“A thousand thanks for your company,” he said cordially. “And you won’t fail us if you can help it, will you?”

“If it’s possible to be there, I’ll be there somehow,” was the reply.

And in that Rhys Walters spoke truth.

[CHAPTER V
REBECCA]

AS though to drop connection with its predecessor and to start the world afresh, the new year brought a change of weather. The wind, which for some time had lain in the south-west, was veering round to the east, and the sodden earth was drying herself rapidly. Rheumatism was becoming a less general theme for conversation in Crishowell, and people’s clothes were again seen hanging out to dry in gardens. Forlorn-looking strings, which had stretched nakedly from pole to pole, now upheld smocks, petticoats, and well-patched trouser-legs, whose active prancings in the breeze almost made the spectators’ legs leap in sympathy. Four or five old men, whose goings-out and comings-in gauged the state of the barometer as accurately as if they had been occupants of pasteboard “weather-houses,” were to be met about; and Bumpett, the pig-driver, whose excursions into foreign parts a few miles away made him an authority on all matters, opined that a frost was not far off. He also added that the roads would be “crewell hard” by the Wye toll-gate, and that we “should see what we should see.” This information made the women look mysterious and snub those of their sex who had not been observed in talk with the great man; the men said less, though they smoked their pipes in a more chastened manner.

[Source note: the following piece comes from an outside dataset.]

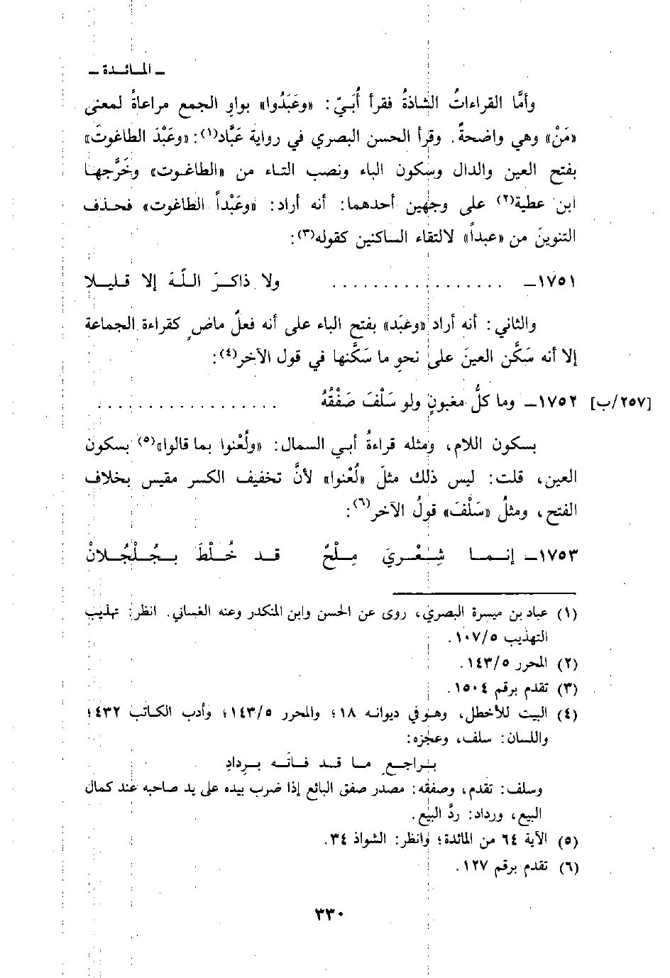 وأمَّا القراءاتُ الشاذةُ فقرأ أُبَيّ: و «عَبَدُوا» بواوِ الجمع مراعاةً لمعنى «مَنْ» وهي واضحةٌ. وقرأ الحسن البصري في رواية عَبَّاد و «عَبْدَ الطاغوت» بفتح العين والدال وسكون الباء ونصب التاء من «الطاغوت» وخَرَّجها ابن عطية على وجهين احدهما: أنه أراد: «وعَبْداً الطاغوت» فحذف التنوينَ من «عبداً» لالتقاء الساكنين كقوله:

Meanwhile, the storm which had been brewed over the Dipping-Pool fire was ready to burst.

In a steep upland lane, about nine o’clock one evening, a little band of horsemen was coming quietly down towards the valley. The high banks crowned with ragged hazel on either hand and the darkness around (for the moon was not due for an hour or so) made it difficult to distinguish who or what they were. As gaps in the bank let in a little extra illumination, and stars began to assert themselves over the dispersing clouds, it could be seen that they were about twenty-five in number, and that all, with one exception, wore masks. They were fairly well mounted, and the strange person who kept a few yards ahead of the rest rode an animal which any one, knowing even a little about a horse, would have picked out at a glance. She was a liver-chestnut mare just under sixteen hands, with a shoulder such as was rarely to be found in the motley crowd of horseflesh at local fairs. Youth and a trifle of inexperience were noticeable in her among the sober-stepping and sturdy beasts following, and she mouthed her ring-snaffle as she went. Her long bang tail swung at each stride, and her length of pastern gave her pace an elasticity like that of a Spanish dancer.

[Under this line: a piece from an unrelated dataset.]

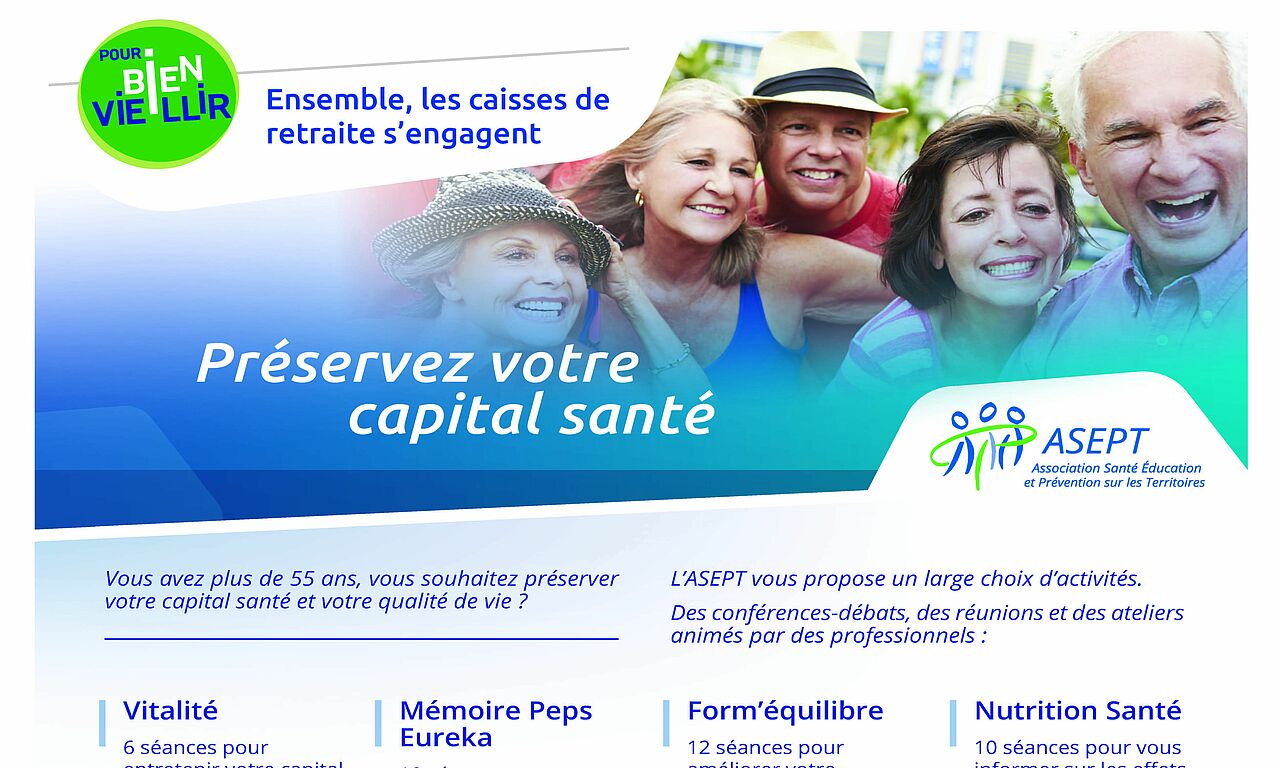 Ouvert à tous à partir de 55 ans, quel que soit votre régime de retraite. Gratuit et proche de chez vous, découvrez notre programme sur : https://www.asept-perigord-agenais.fr/

But if the mare was a remarkable figure in the little procession, her rider was immeasurably more so, being, apparently, the tallest female who had ever sat in a saddle. Her long cloak and voluminous brown skirt fell in a dark mass against the beast’s sides, giving her figure a seeming length and height double that of any of her companions. On her head she wore a large sun-bonnet, tied securely over a shock of hair which looked false even in the scant light; the lower part of her face was muffled in her cloak, so that but little feature could be seen. The strange woman rode astride, and, as an occasional puff of wind lifted her skirt, it revealed leggings and boots; one lean, brown hand on the rein was visible under the concealing drapery, and the other carried a heavy thorn stick. From under the shock of hair looked the eyes of Rhys Walters.

The whole company was formed of the same material which had met in the inn kitchen the day after Christmas, with several additions and with the exception of Johnny Watkins, whose heart had failed him at the last moment, and of Charley Turnbull, who was nowhere to be seen. Hosea Evans was there, unrecognizable in his black mask and cropped whiskers, for he had parted with a portion of these adornments, fearing that they might betray him. He had hesitated to shave entirely, lest people should be too curious about his reasons for doing so, and had merely trimmed them into less conspicuous limits with the scissors.